• [TASK DATA]:
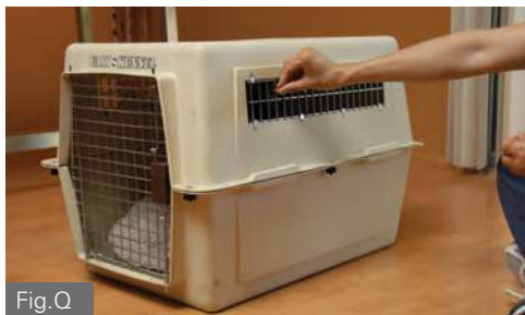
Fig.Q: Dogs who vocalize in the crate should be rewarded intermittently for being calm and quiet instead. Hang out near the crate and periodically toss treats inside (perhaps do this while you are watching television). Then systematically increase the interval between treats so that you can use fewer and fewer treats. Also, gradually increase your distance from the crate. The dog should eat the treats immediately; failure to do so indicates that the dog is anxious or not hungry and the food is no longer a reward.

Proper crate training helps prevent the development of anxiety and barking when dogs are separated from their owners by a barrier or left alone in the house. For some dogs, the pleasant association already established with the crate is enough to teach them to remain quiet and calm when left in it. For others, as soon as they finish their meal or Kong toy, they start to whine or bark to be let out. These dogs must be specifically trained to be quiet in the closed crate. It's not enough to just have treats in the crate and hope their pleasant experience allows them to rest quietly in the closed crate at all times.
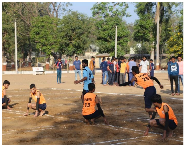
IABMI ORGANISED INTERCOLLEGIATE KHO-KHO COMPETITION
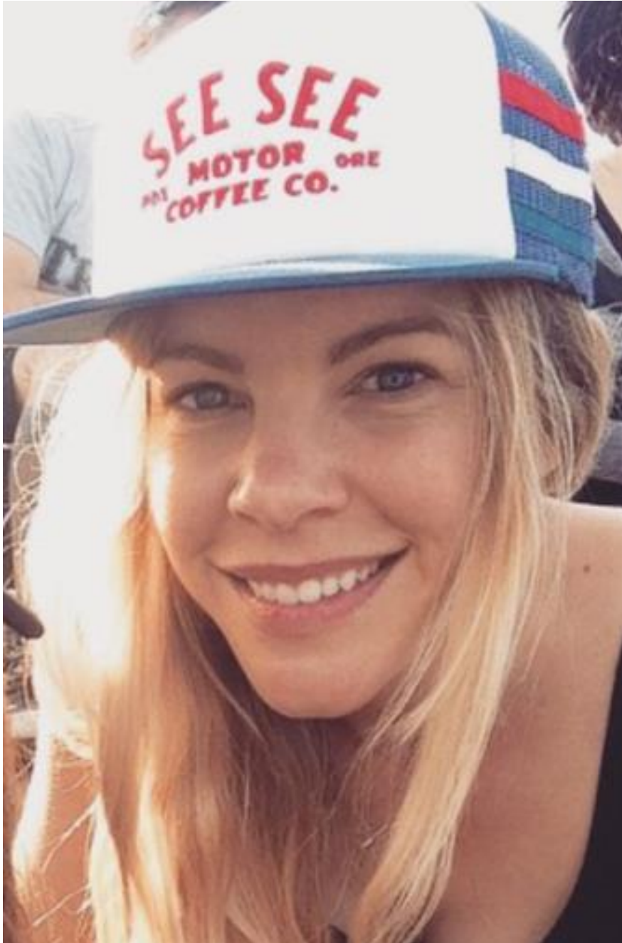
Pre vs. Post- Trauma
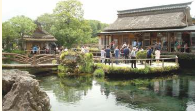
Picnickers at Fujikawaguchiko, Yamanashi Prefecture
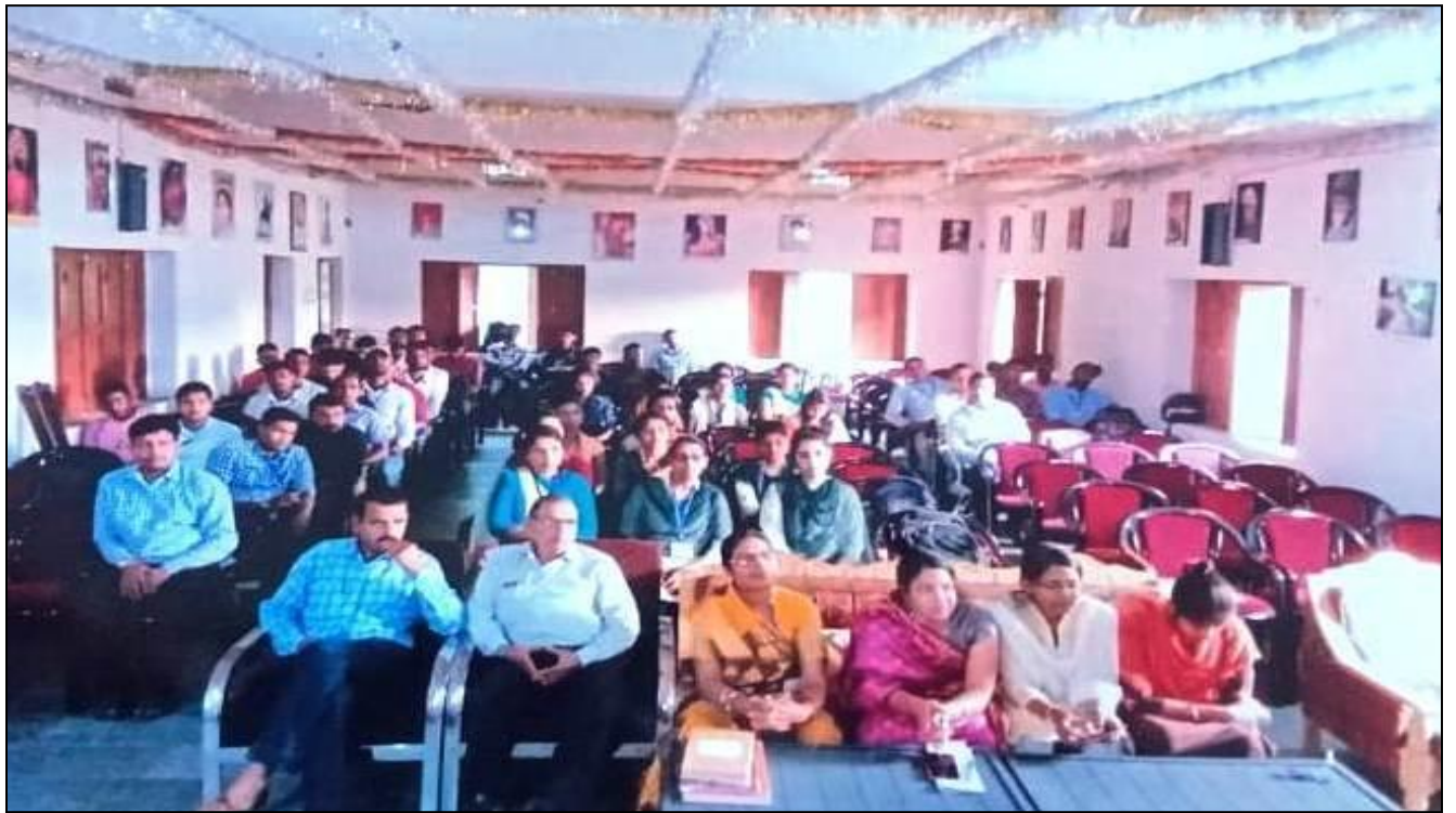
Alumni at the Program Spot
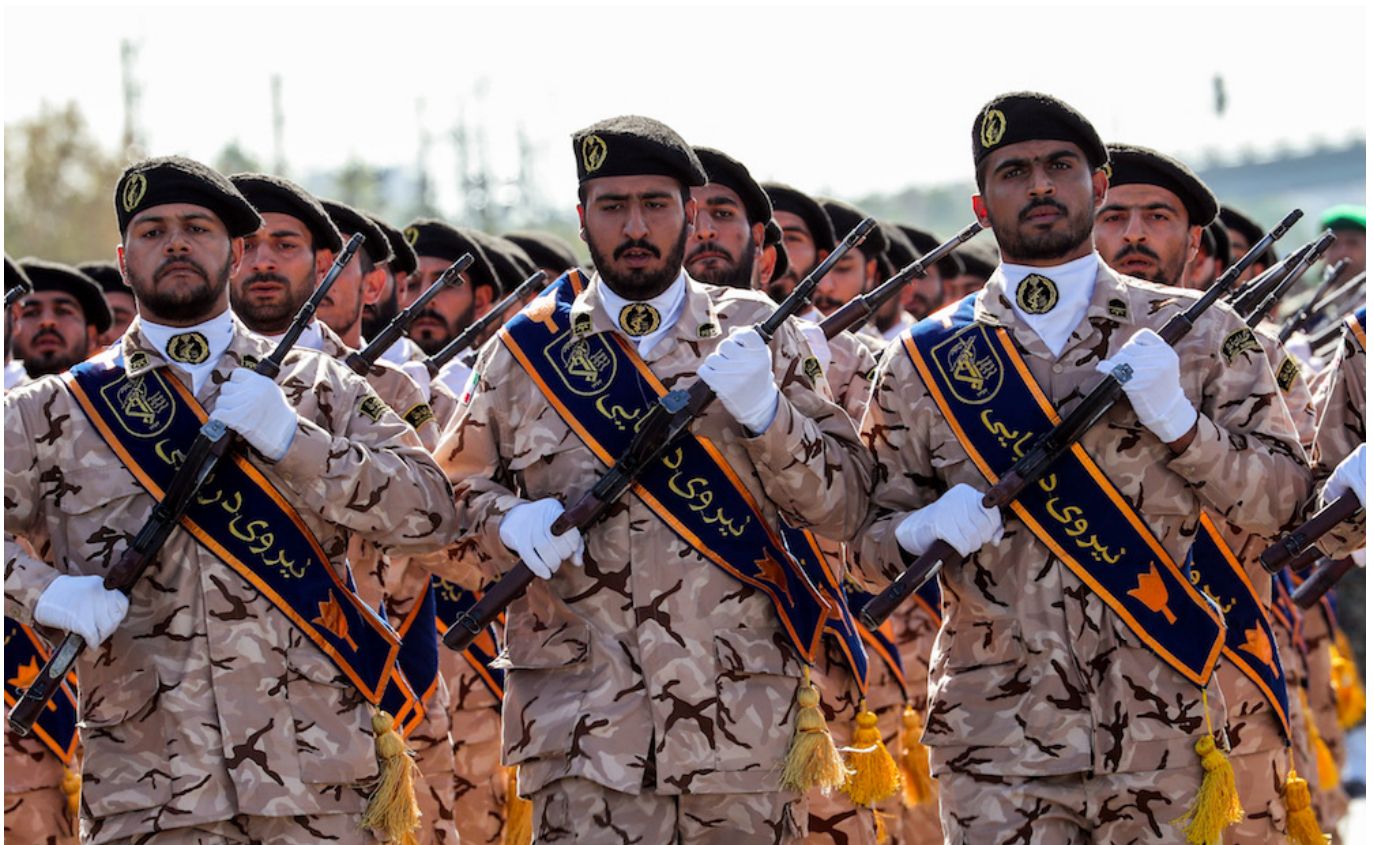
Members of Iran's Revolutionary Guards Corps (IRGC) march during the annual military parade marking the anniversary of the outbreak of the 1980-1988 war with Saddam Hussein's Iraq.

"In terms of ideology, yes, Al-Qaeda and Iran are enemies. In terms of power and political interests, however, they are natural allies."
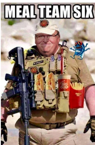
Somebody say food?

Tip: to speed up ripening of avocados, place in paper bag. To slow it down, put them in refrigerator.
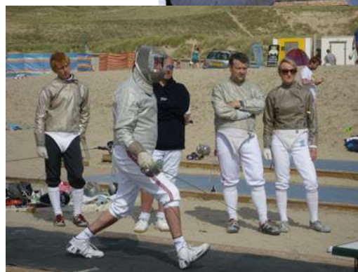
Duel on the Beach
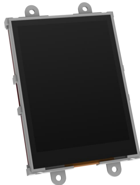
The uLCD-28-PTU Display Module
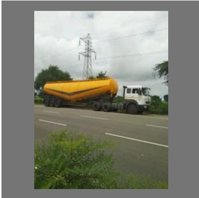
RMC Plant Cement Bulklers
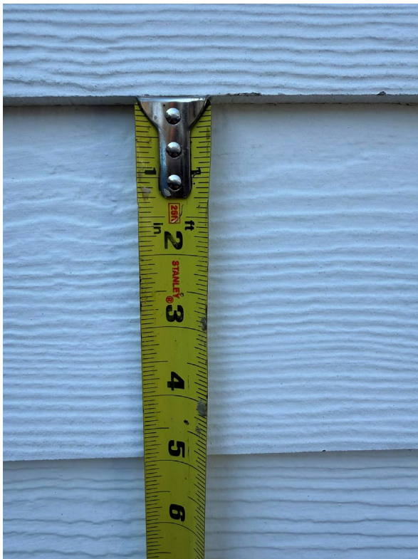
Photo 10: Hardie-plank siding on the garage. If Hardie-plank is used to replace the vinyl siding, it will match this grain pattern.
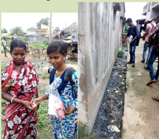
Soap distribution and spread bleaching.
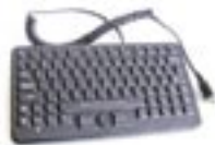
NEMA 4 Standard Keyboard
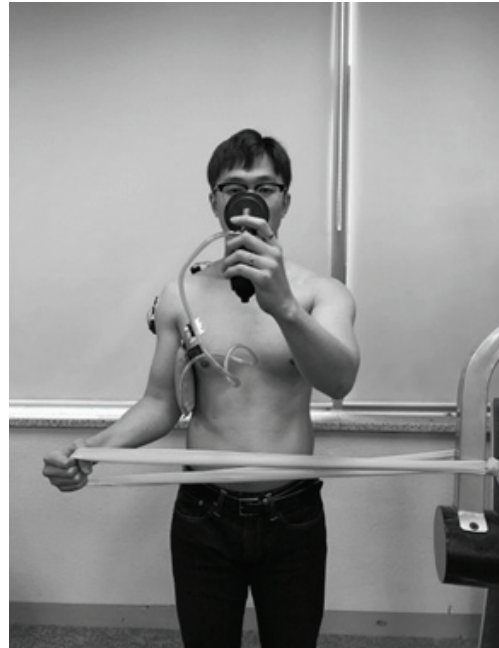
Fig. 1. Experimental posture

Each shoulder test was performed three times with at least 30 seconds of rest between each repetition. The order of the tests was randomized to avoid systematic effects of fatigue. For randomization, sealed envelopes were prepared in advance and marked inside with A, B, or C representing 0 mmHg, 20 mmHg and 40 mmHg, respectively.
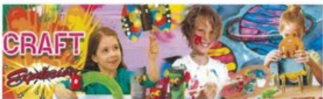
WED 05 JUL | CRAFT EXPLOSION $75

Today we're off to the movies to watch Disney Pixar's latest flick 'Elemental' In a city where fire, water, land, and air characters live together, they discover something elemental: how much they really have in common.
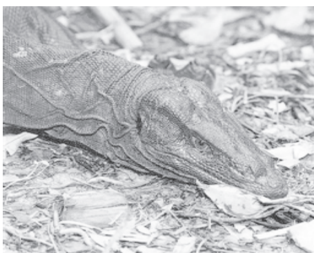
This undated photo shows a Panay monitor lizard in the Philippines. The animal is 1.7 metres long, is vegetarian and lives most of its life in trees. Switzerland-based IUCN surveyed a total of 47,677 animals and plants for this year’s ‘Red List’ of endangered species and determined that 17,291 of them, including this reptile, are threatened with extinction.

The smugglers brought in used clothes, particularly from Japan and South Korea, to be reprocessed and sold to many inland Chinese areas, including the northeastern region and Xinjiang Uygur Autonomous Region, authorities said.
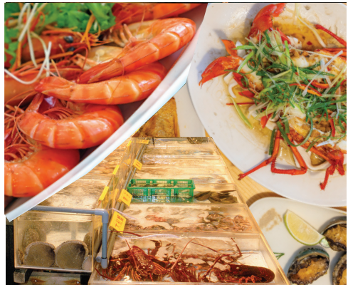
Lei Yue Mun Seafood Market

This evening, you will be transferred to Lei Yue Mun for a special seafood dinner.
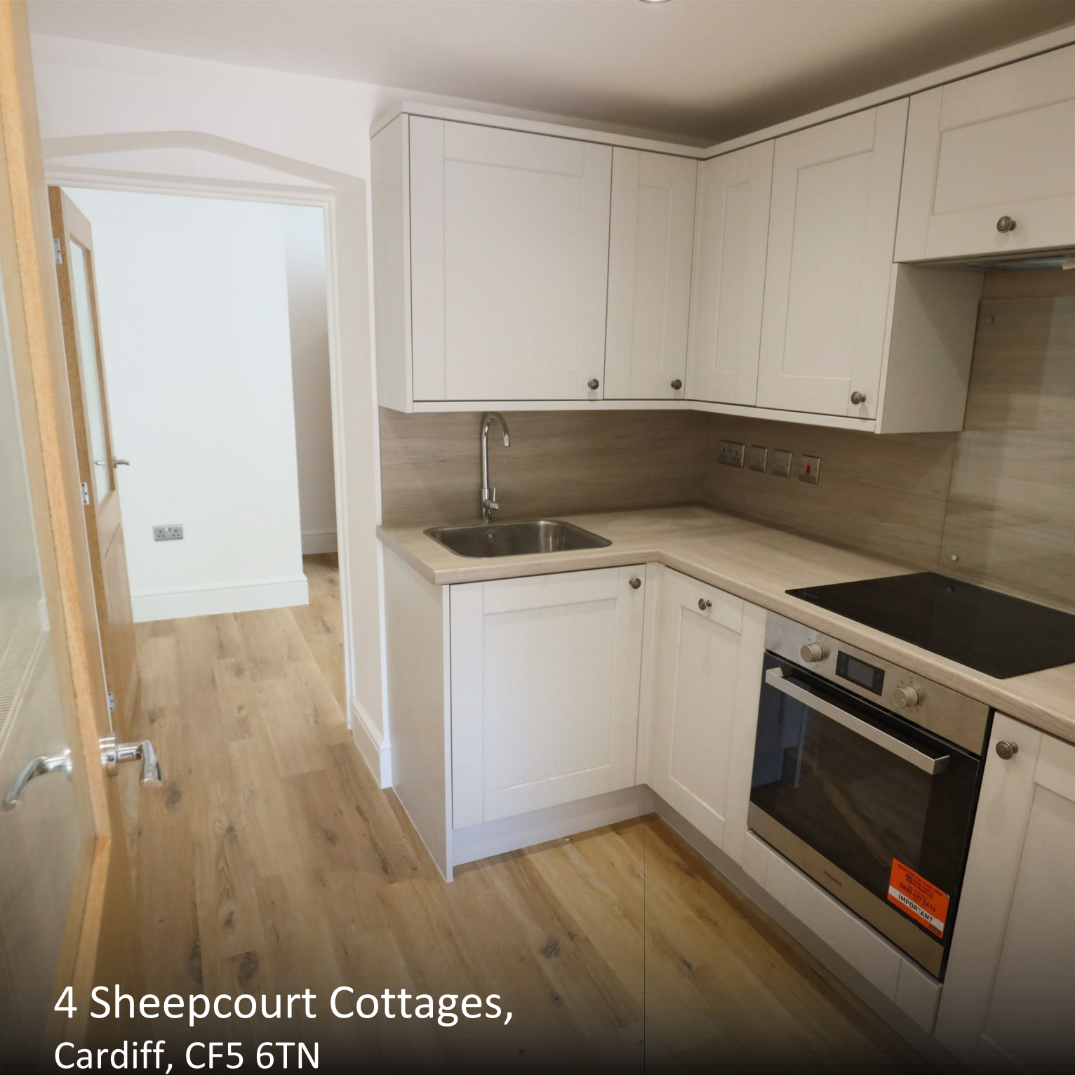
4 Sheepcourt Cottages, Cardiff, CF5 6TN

• [WHAT IS REQUIRED]:
Could you return, word for word, every line from the line with "Somebody say food?" through the last line of the listing above, both ends included, without any pictures?

• [RESPONSE TO THIS TASK]:
Somebody say food?

Tip: to speed up ripening of avocados, place in paper bag. To slow it down, put them in refrigerator.
Duel on the Beach
The uLCD-28-PTU Display Module
RMC Plant Cement Bulklers
Photo 10: Hardie-plank siding on the garage. If Hardie-plank is used to replace the vinyl siding, it will match this grain pattern.
Soap distribution and spread bleaching.
NEMA 4 Standard Keyboard
Fig. 1. Experimental posture

Each shoulder test was performed three times with at least 30 seconds of rest between each repetition. The order of the tests was randomized to avoid systematic effects of fatigue. For randomization, sealed envelopes were prepared in advance and marked inside with A, B, or C representing 0 mmHg, 20 mmHg and 40 mmHg, respectively.
WED 05 JUL | CRAFT EXPLOSION $75

Today we're off to the movies to watch Disney Pixar's latest flick 'Elemental' In a city where fire, water, land, and air characters live together, they discover something elemental: how much they really have in common.
This undated photo shows a Panay monitor lizard in the Philippines. The animal is 1.7 metres long, is vegetarian and lives most of its life in trees. Switzerland-based IUCN surveyed a total of 47,677 animals and plants for this year’s ‘Red List’ of endangered species and determined that 17,291 of them, including this reptile, are threatened with extinction.

The smugglers brought in used clothes, particularly from Japan and South Korea, to be reprocessed and sold to many inland Chinese areas, including the northeastern region and Xinjiang Uygur Autonomous Region, authorities said.
Lei Yue Mun Seafood Market

This evening, you will be transferred to Lei Yue Mun for a special seafood dinner.
4 Sheepcourt Cottages, Cardiff, CF5 6TN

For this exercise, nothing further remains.